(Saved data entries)
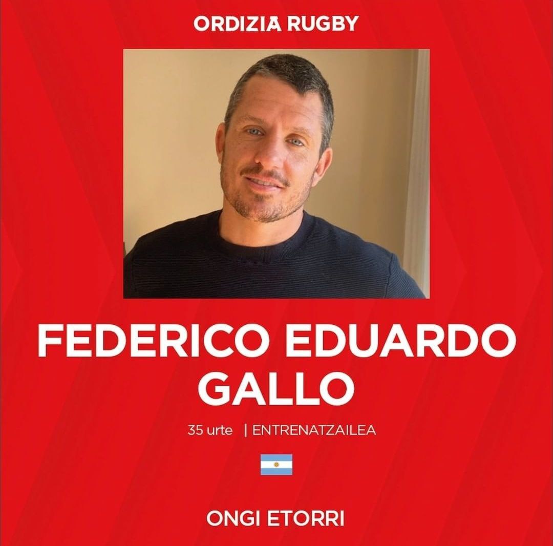 Argazkia: Ordizia Rugby. Federico Eduardo Gallo izango da Ampo Ordiziako entrenatzaile berria. 35 urteko argentinarra da eta 12 urte daramatza entrenatzaile lanetan, talde desberdinetan. Horrez gain, Unión Rugby Buenos Airesko hautatzailea izan da 17 urtez azpikoen mailan; baita URBA top 12ko txapeldunordea ere. San Isidro klubean eman ditu bere ibilbideko azken pausuak, defentsak eta aurrelariak entrenatzen eta orain, Ordiziara iritsi da. Arturo Rivas izango du bidelagun Ordizian, bigarren entrenatzaile eta prestatzaile fisiko gisa. Eskarmentu handiko gizona da Gallo eta datorren denboraldian Ordiziako errugbi taldearen gidari izango da.
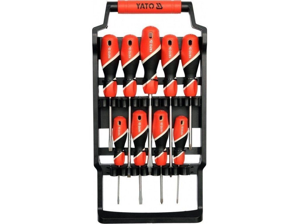 Celá sada je přehledně uložena v plastovém stojánku, který umožňuje snadné zavěšení i rychlý přístup ke každému šroubováku.
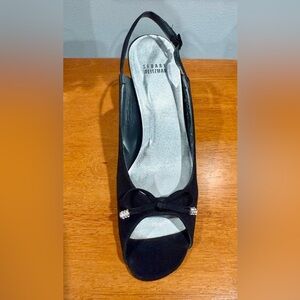 Stuart Weitzman Black Peep Toe Slingback Heels Bow Rhinestone Detail Size 9M
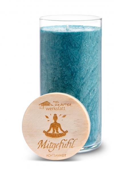 Die Kerze enthält unter anderem Linde, Weißdorn und eine Rosentinktur mit einem mild grünen Duft.
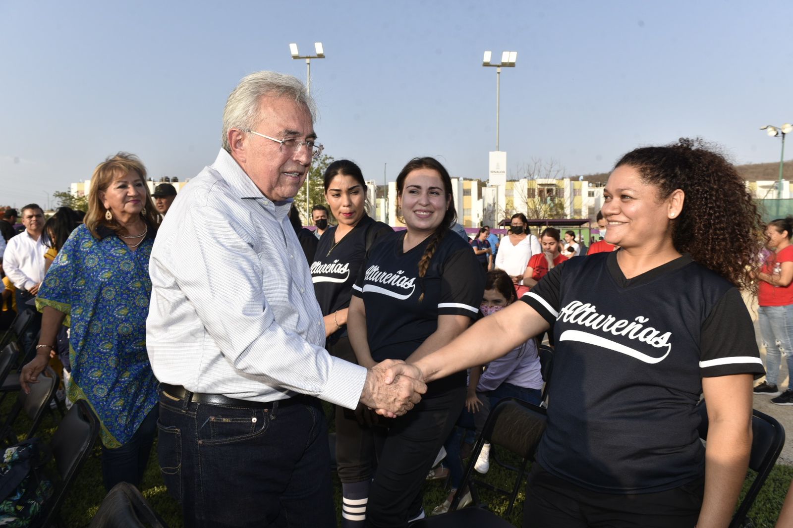Culiacán, Sinaloa, a 02 de junio de 2022.- En atención a un compromiso realizado el pasado 08 de marzo, el Gobernador Rubén Rocha Moya inauguró un campo de softbol femenil en la colonia Alturas del Sur, acompañado de María Teresa Guerra Ochoa, titular de la Secretaría de las Mujeres, David Vargas Rodríguez, Presidente del Consejo Directivo del PIDS, José Luis Zavala, Secretario de Obras Públicas y Cristóbal Castañeda Camarillo, Secretario de Seguridad Pública Estatal.
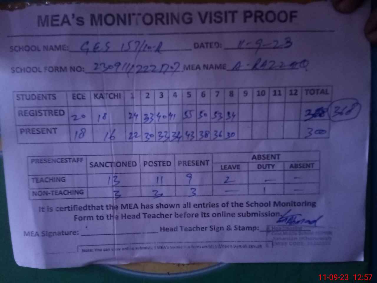 | Attendance Register | Head Teacher | MEA with School | Visit Proof |
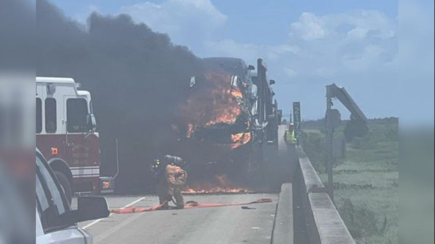 According to State Police, the fire happened around 2 p.m. By 2:40, one lane was open for traffic while crews cleaned up the wreck.
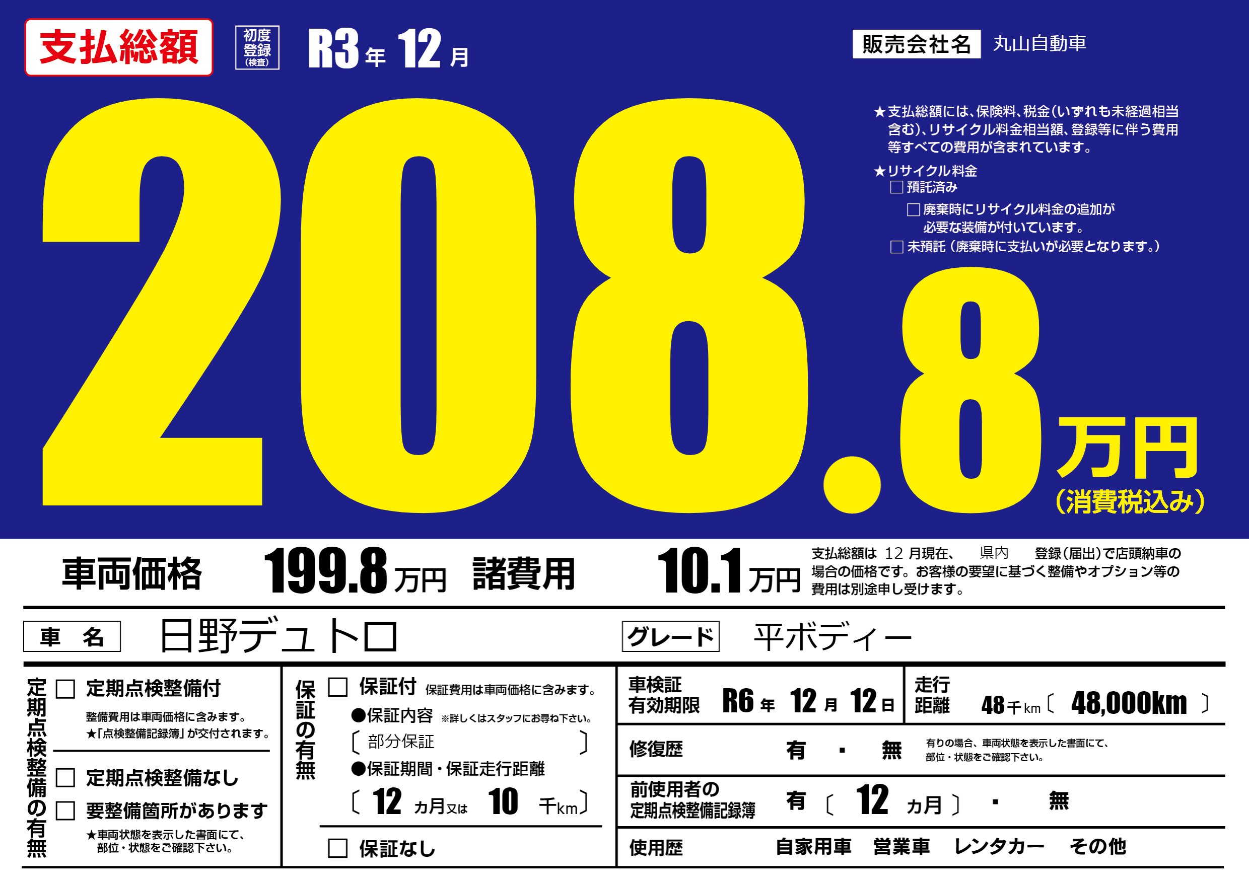 | 走行キロ | 4.8万km | 初年度登録 | R3年12月 |

# [WHAT YOU NEED TO DO]
For the data above, set down exactly the lines from the line with "Die Kerze enthält" to the line with "Culiacán, Sinaloa, a", both included, leaving pictures out.

# [COMPLETED TASK]
 Die Kerze enthält unter anderem Linde, Weißdorn und eine Rosentinktur mit einem mild grünen Duft.
Culiacán, Sinaloa, a 02 de junio de 2022.- En atención a un compromiso realizado el pasado 08 de marzo, el Gobernador Rubén Rocha Moya inauguró un campo de softbol femenil en la colonia Alturas del Sur, acompañado de María Teresa Guerra Ochoa, titular de la Secretaría de las Mujeres, David Vargas Rodríguez, Presidente del Consejo Directivo del PIDS, José Luis Zavala, Secretario de Obras Públicas y Cristóbal Castañeda Camarillo, Secretario de Seguridad Pública Estatal.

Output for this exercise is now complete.